I want to clarify some caching behavior that I have observed but not found clearly documented. Consider a Dockerfile like:

FROM quay.io/centos/centos:stream8 as base
RUN dnf install git

FROM base AS build
RUN dnf install make gcc
RUN mkdir -p /opt/build && curl -L https://example.com/code.tar.gz | tar xz /opt/build
RUN cd /opt/build && ./configure --with-pic
RUN make -C /opt/build

FROM base AS final
COPY --from=build /opt/build/app /bin/app

When I build this locally with DOCKER_BUILDKIT=1 docker build --build-arg BUILDKIT_INLINE_CACHE=1 --target=final ..., I see that changes to the flags given to ./configure in the build stage cause the ./configure and make RUN steps to be re-run but not the dnf install and curl steps. If I then push the image to a registry, clear the local cache with docker builder prune, and run docker build again with --cache-from pointing at the pushed image, a change to the ./configure flags results in all the steps in the build stage being re-run.

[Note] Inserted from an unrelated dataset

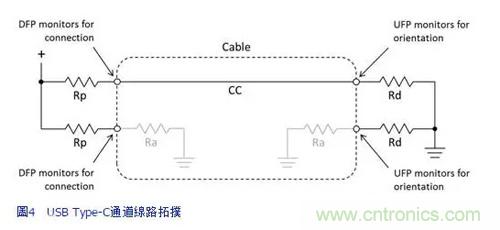 連接裝置之間的初始電力傳輸協(xié)議是透過一系列電阻器執(zhí)行,當(dāng)Type-C插頭插入插座時(shí),這些電阻器充當(dāng)CC線路上的分壓器。由于插頭中的CC線路會(huì)連接至插座中的CC1或CC2,因此插座只要測(cè)量CC1和CC2線路上的電壓,即可判定插頭的方向。上拉電阻的不同數(shù)值可傳達(dá)電源能夠提供的電流量,同時(shí)可確定UFP和DFP分別是什么。電力消耗裝置沒有辦法透過不同的下拉電阻值指出其消耗的電流量,而是必須不斷地調(diào)整其負(fù)載以符合電源供應(yīng)器可提供的最大電流。

My understanding of what is happening is that when using the inline cache only the /opt/build/app file is written into the docker image along with hashed metadata about the steps in the build stage that generated it but no other data generated from the build stage is written into the image. Thus when using --cache-from, when docker detects a change in the build stage, it needs to run all the steps again. However, when running the build locally, docker has an additional cache that matches steps based on their history and that can be used for the intermediate steps of a multi-stage build. These cached steps are not written into the image.

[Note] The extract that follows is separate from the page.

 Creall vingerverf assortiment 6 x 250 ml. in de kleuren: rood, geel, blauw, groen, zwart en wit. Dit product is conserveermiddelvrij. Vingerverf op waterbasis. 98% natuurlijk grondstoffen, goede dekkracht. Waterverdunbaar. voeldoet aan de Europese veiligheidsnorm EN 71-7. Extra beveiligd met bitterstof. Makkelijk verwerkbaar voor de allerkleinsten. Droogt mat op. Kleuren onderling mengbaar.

I believe these intermediate steps could be captured for future caching by building with --target=build, pushing the build image, and using --cache-from twice, once for the build image and once for the final image. Also, I believe using --cache-to=type=registry,mode=max could store all the intermediate layers.

Is this all correct?

My main motivation for asking is a discussion with a colleague. They would like the final three steps in the build stage to be condensed into a single step to avoid writing unnecessary data into the image. For a single stage image, I agree that that is better practice for keeping the image small. However, here it seems that if we only target the final stage then we do not end up with intermediate data written into the image any way and keeping the steps separated allows for some local caching which is convenient – for example it saves needing to curl the source code every time that the ./configure flags are adjusted while debugging.

Some questions:

• Are there other nuances to caching and image size to consider here?
• Is there a way to inspect the inline cache to compare the two cases? Is that what docker history shows?
• Is using a build stage to split what would be one step into multiple for readability / caching a legitimate use case or is it overly relying on a detail of how inline caching works?

Some notes:

• I built the image with the steps combined and found that docker image list reported the same size.
• Breaking out a step into multiple in a separate stage for better caching could be seen as a debugging trick that should be removed when the debugging is done.

Did you have any luck in utilizing the local cache of the first step? Would be wonderful to see how you did it, this seems to be unanswered on any forums.

The downside of inline cache is that it doesn’t scale with multi-stage builds as well as the other drivers do.

But I tried a simple multi-stage build and could not reproduce any issue with it. Cache was used. If you have a code that I can try, I will do.